My x61s has a keyboard light.
You realise you’re absolutely insane to be doing this in C, right?
You’ll be glad to know that the X60 series also has the keyboard light.
My X60 has a keyboard light (unlike the X60t that just pretend to)
My X60 has a keyboard light (unlike the Z60t that just pretend to)
For a month now, we have resurrected the disk-summary idea and working on a branch – http://svn.gnome.org/viewvc/evolution-data-server/branches/camel-db-summary/
You might want to give a try to sqlite instead of libdb. It supports storing multiple columns and hence you don’t need all that columns-to-a-combined-value overhead code.
fraggle: I’ll bite – what do you suggest?

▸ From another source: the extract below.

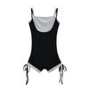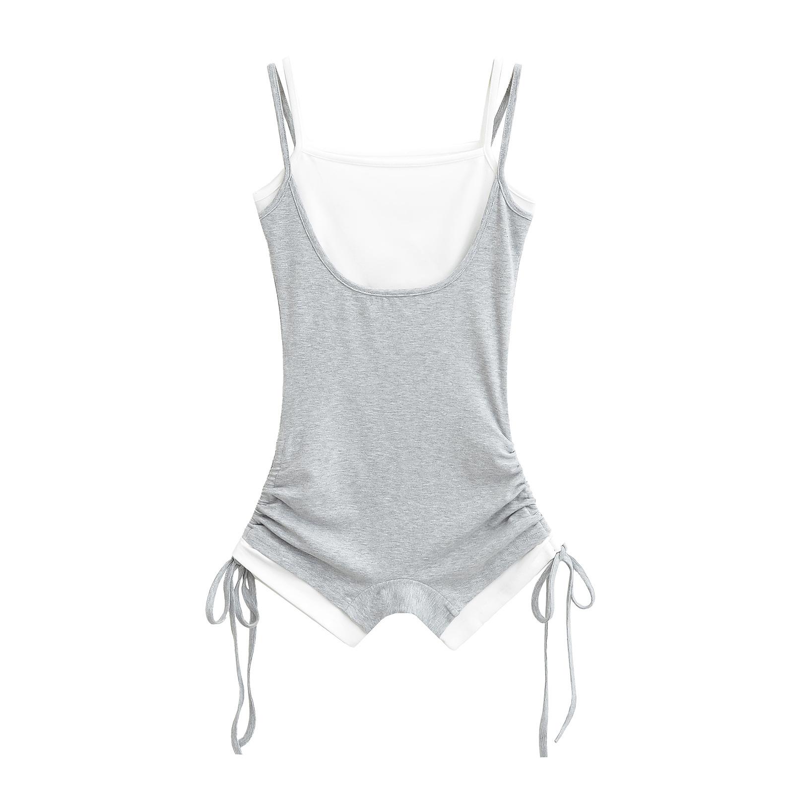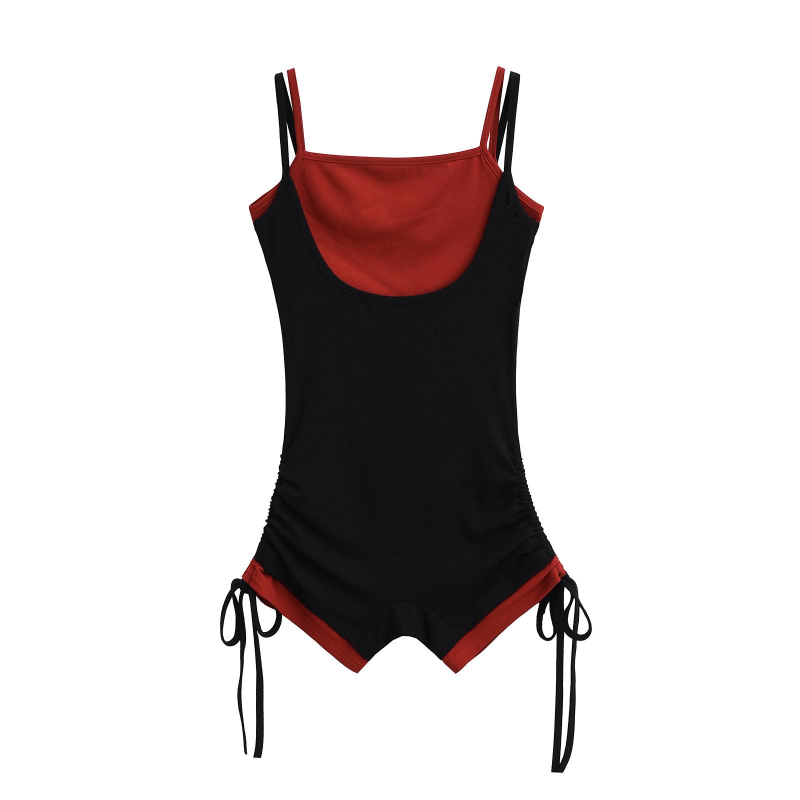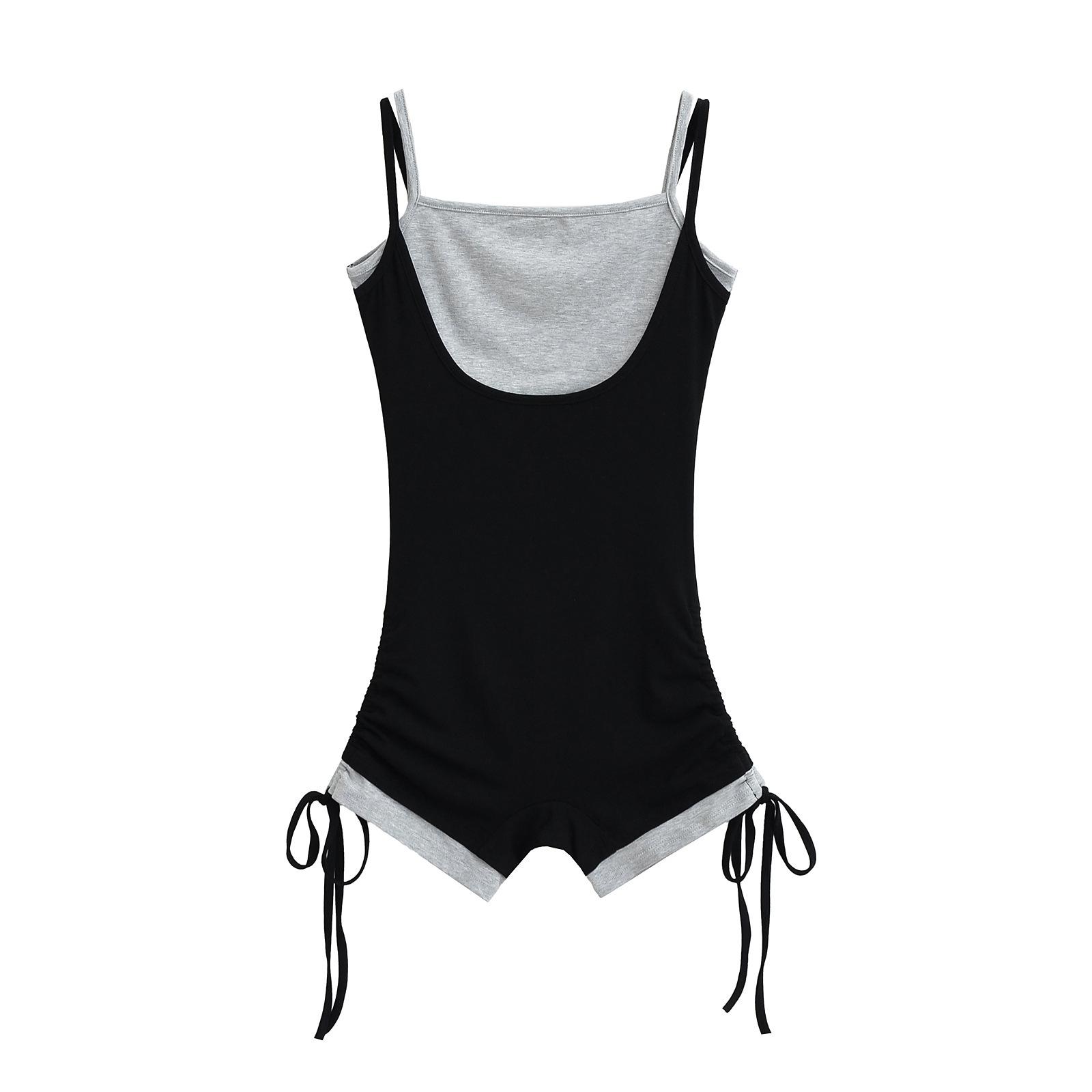 Verão apertado falso duas peças cor contraste sling macacão feminino spice girl casual calças design senso cintura alta macacão shorts

sankar: But you still need sql to object marshalling/demarshalling, and you have to mix languages in the code, so what’s the difference? The code is still there, but as well as the db code which does it you have to do it again yourself. I think sql-language queries is a valid reason to use it rather than something like libdb, but they also have significant execution and memory space overhead. Anyway it’s an exercise in trying to do it without those crutches as much as anything – I find this sort of code more challenging and thus interesting, and since I’m doing it for fun, I want it to be fun. SQL is not fun.
For sqlite, tcl-tk bindings have a direct tuple-to-object conversion facility. Nothing of that sort is available for GObject and CamelObject yet. And yes, SQL access is one big advantage for sqlite.
Though I did not measure the time, I felt, the column unification and splitting with berkeley db will take a lot of time. And I cannot query for individual fields. I have to get everything. For instance, if an application say, OpenOffice wants to query a certain labelled mail’s subjects alone, it may not be possible.
But as you said, your work is for fun / challenge and interest . So, there is no question of a berkeley db vs sqlite :-)
oh god, tcl. that makes python look almost reasonable. The syntax is worse, and every script is tied tightly to the language version.
query by label? With any database you need to use an index. Berkeley DB is no different. It is much lower level but has the same facilities which are required to implement all of these features in any RDBMS. Including partial row retrieval and storage – when you know the size of the row columns (which you cannot (easily) if you have variable length columns).
Given that querying by some indexing function (e.g. query by label) was the whole point of the disksummary branch to start with, it is definitely possible although it isn’t always as easy to write.